NeurIPS 2019
Sun Dec 8th through Sat the 14th, 2019 at Vancouver Convention Center
Paper ID:6609
Title:Are Labels Required for Improving Adversarial Robustness?

Reviewer 1


		
This paper proposes, based on a theoretical analysis of a simple statistical setting, two strategies for improving adversarial generalization via unlabeled data. The method presented, UAT++, attempts to combine these two strategies and improves adversarial generalization significantly using only additional unlabeled data. Overall, the paper is well-written, easy to follow, and has solid yet simple theoretical grounding. The experimental analysis is thorough and all confounding factors (e.g. network architecture) are correctly ablated. The paper compares to a variety of state-of-the-art methods to prove that unsupervised data can indeed improve adversarial robustness. The paper could be improved by addressing what happens to UAT-OT in the Gaussian setting of Schmidt et al (either via a Theorem or intuitive explanation, or even an explanation of why the algorithm is harder to analyze). It would also be interesting to see whether the same algorithm can also improve L2 robustness (one would guess so, but if the phenomenon is limited to l-infinity this would be independently interesting). Minor comments: - [1] and [2] are the same citation - The graphs are somewhat hard to read (e.g. the red is hard to tell apart from the orange after printing, and the violet lines are rather faint). Using a different colorscheme/formatting would improve the readability.

Reviewer 2


		
originality: The regularization term has been developed before in semi-supervised learning on unlabeled data [26] and in adversarial training as a smoothness term [41]. This paper combines the two and conducts adversarial training by applying the regularization term on unlabeled data. The theoretical and empirical analysis are new. quality: The paper is technically sound overall. However, some crucial points are not well addressed. For example, (1) the proper number of unlabeled data m.

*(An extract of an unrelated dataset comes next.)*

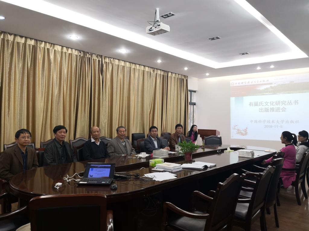 11月5日下午,“有巢氏”文化研究丛书出版推进会在中国科学技术大学出版社二楼会议室召开。会议对合肥888集团学院巢湖非物质文化遗产项目传承大师工作室研究成果——有巢氏文化系列丛书进行出版前的专家审议和定稿,丛书包括:《有巢氏考论》《有巢氏文存》《有巢氏图解》。应中国科学技术大学出版社邀请,我校聘请的巢湖非物质文化遗产传承大师宁业高研究员及学校党委副书记胡其云、教务处副处长窦红平出席推进会,中国科学技术大学出版社社长伍传平、社总编辑李攀峰、社审稿专家司有和、社人文经管编辑室主任杨振宁等参加会议。会议由杨振宁主持。

It is observed that the proposed method (UAT++) behaves differently on CIFAR10 and SVHN (Fig.1), wrt m. On CIFAR10, it outperforms others starting from m>=4k. On the other hand, on SVHN, it performs worse than even the baseline with a small m and performs similar to VAT. Although theorem 1 is provided on the theoretical aspect of m, there is no connections and analysis of it with the empirical observations. (2) In table 2, it is observed that the performance could drop with an increasing m. The explanation that the unsupervised data "contains more out-of-distribution images" renders the argument at the beginning of sec 4.2 less effective ("robust to distribution shift", "fully leverage data which is not only unlabeled but also uncurated"). clarity: The paper is clearly written and well organized. significance: The idea of improving model robustness using unlabeled data is interesting and is likely to inspire more efforts in this direction. The idea has been empirically verified to some extent; however, some crucial aspects as mentioned above might requires more efforts to be better addressed. ================Updates==================== The rebuttal from the authors has addressed my major concerns on the mis-match between theory and empirical results, as well as the claimed robustness against distribution shift v.s. the actual results. I believe the investigations on using unlabeled data for improving adversarial robustness is of great importance and this work makes a useful step towards it.

Reviewer 3


		
Quality and Clarity - the main idea is good and overall the paper is interesting. In my opinion, some parts are not clear enough (for example - subsection 3.1, when elaborating on the strategies). Adding pseudo code might help here. Originality - it's the first time that using unlabeled data are shown to effective in the robust learning regime, both theoretically and empirically. Significance - robust models require more samples in order to generalize. Showing that unlabeled data alleviate this problem is crucial because it is much easier (and cheaper) to collect.